Wednesday, 16 July 2014

Govt.: All Your Base Are Belong To Cuadrilla

I complained to my MP Hazel Blears, as I find myself increasingly doing these days, and, as she usually does, she passed my concerns on to a minister in order to get me an answer. The latest one is a big cause for concern and it's something we really need to talk about: the right to own property is being taken away from us — by the Right.


Ms. Blears passed my last rant to Michael Fallon MP of the Dept. of Energy and Climate Change. Now you'd think that with a title like that he'd be more in favour of green solutions, but you'd be wrong. Oh no, he's a fracking fan, and this is what he has to say (irrelevant passages have been omitted):

"The principle of land ownership in the UK is that freehold land entitles the owner to rights at the surface and down to the centre of the earth. However, they do not own the rights to any petroleum within the land, as this is owned by the Crown and leased to operators via a licencing regime."

Got that? You own the land, if there's no oil in it, in which case the oil is owned by the Crown.

Hydraulic fracturing for shale gas and oil is carried out at depth, generally over a mile down. At such depth, operations are highly unlikely to have any negative impacts closer to the surface. In order to reach oil and gas, a well might have to pass through land belonging to a number of owners. In order to pass through the land, an operator must obtain the landowner's permission to do so.

Okay, two things:

1. Earthquakes


One tremor of magnitude 2.3 on the Richter scale hit the area on April 1 followed by a second of magnitude 1.4 on May 27 - The Telegraph on fracking in Lancashire

Although fracturing-related earthquakes are chronic, they were thought to be minor. But new research is showing that they can be quite large and damaging. The focus of the study, a 5.7 magnitude quake near Prague, Oklahoma, damaged 14 homes and other structures in the area. - Earthworks: Fracking-related earthquakes

That's right, they can do actual structural damage if the fracking or disposal wells are in or near a fault line. Watch your home insurance go up if you live in Fylde. But that's not all...

2. Wastewater pollution


They're supposed to bury it miles underground, but it's got a nasty habit of creeping back up again.

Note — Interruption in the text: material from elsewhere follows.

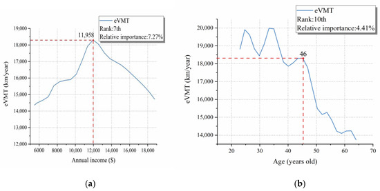Demographic variables were calculated using annual income and age, among which annual income had a medium influence on eVMT, whereas age had a low influence. From Figure 7a, for respondents with an annual income of less than USD 11,958, the higher the annual income, the higher the eVMT, and the growth trend showed a step-growth. For people with an annual income of more than USD 11,958, the higher the annual income, the smaller the eVMT, and the corresponding image slope is relatively stable. There are two main reasons for this difference: people with an annual income of less than USD 8000 have a relatively low income, and the use intensity of EVs is slightly lower than that of people with higher income levels due to the travel cost limitation of EVs. In contrast, people with an annual income above USD 11,958 have more travel vehicle choices than people with an income level below USD 11,958. Therefore, under the condition that people have a higher income, the eVMT of a single EV of a crowd will be lower. From Figure 7b, the use intensity of EVs used by the group younger than 46 years of age is relatively irregular, and the eVMT remains within the range of 18,000–20,000 km/year. However, for the group over 46 years old, the use intensity of EVs decreases significantly, and there is a nonlinear relationship in which the use intensity of EVs decreases with age. The main reason for this is that young people are more receptive to new things and technologies than older people.

The EPA recently concluded that fracking in Pavillion, Wyoming likely affected groundwater, linking fracking to groundwater contamination for the first time, and residents have been advised not to drink from their wells due to detected hydrocarbons. - Fracking Wars

The federal Environmental Protection Agency said the underground pipeline spilled about 24,000 barrels, or 1 million gallon, in North Dakota’s thriving oil and gas region. The water, which can be 10 times saltier than seawater and contains salt and fossil fuel condensates, was being piped away from fuel extraction sites for safe disposal. - Oil Price - Huge ND Wastewater Spill Prompts Calls For Fracking Regs

And our Glorious Leaders shrug it off with a smile and a pat on the head for yours truly. "Silly Wendy," they say, "it's miles underground. What harm can it do?"

I'm not in a rush to find out. Fallon continues,


Operators currently prefer to agree a right of access through individual negotiation with the landowner, and there is an existing legal route by which oil and gas operators can apply to the courts for access if the landowner refuses to grant permission. This court procedure means that landowners do not have the ability to ultimately block a development if the court rules against them. If an operator has secured all the other permits (planning permission, environmental permit etc.), we expect that a court would be very likely to grant access, given that the development is likely to be expedient in the national interest.

Oh 'eck. Did he really say this? Yes indeed, "You didn't actually think your freehold title deed means you actually own the land you bought or inherited, do you? Silly person! If the operator can convince us, and the court, that this is in the national interest, all your base are belong to Cuadrilla. The end. And there's nothing you can do about it, pleb."

Needless to say, people afraid of the pollution and other damage to their property are using the planning permission objections procedures and fighting the hell out of this in the courts despite our Glorious Leaders' enthusiasm for the alleged national interest (they mean, "We don't want to be sued under the ISDS provisions in TTIP."). The last paragraph chilled me to the bone:


What the Government is currently considering us whether these existing procedures are fit for purpose, given the potential costs, delays, and uncertainty involved for both operators and landowners. We have not yet made a decision on what actions we may take. If the Government decides that reforms are necessary then we would consult on any proposals.

Yeah, like they did in their last fracking consultation, which was three questions long and conflated dirty fracking with clean geothermal energy. That's their idea of consultation: a derisory sop that leaves us the option to take it or leave it. Well I'm not having it. Damn it, I believe in the rule of law, and this is not the rule of law, it's the rule of corporations, with the Government riding roughshod over the law, making a mockery of democracy.

If you are a homeowner living near locations where fracking is planned, please bear in mind that your title deeds don't entitle you to control what happens on or beneath your land. They're just paper. All your bases are belong to Cuadrilla. Now what are you going to do about it?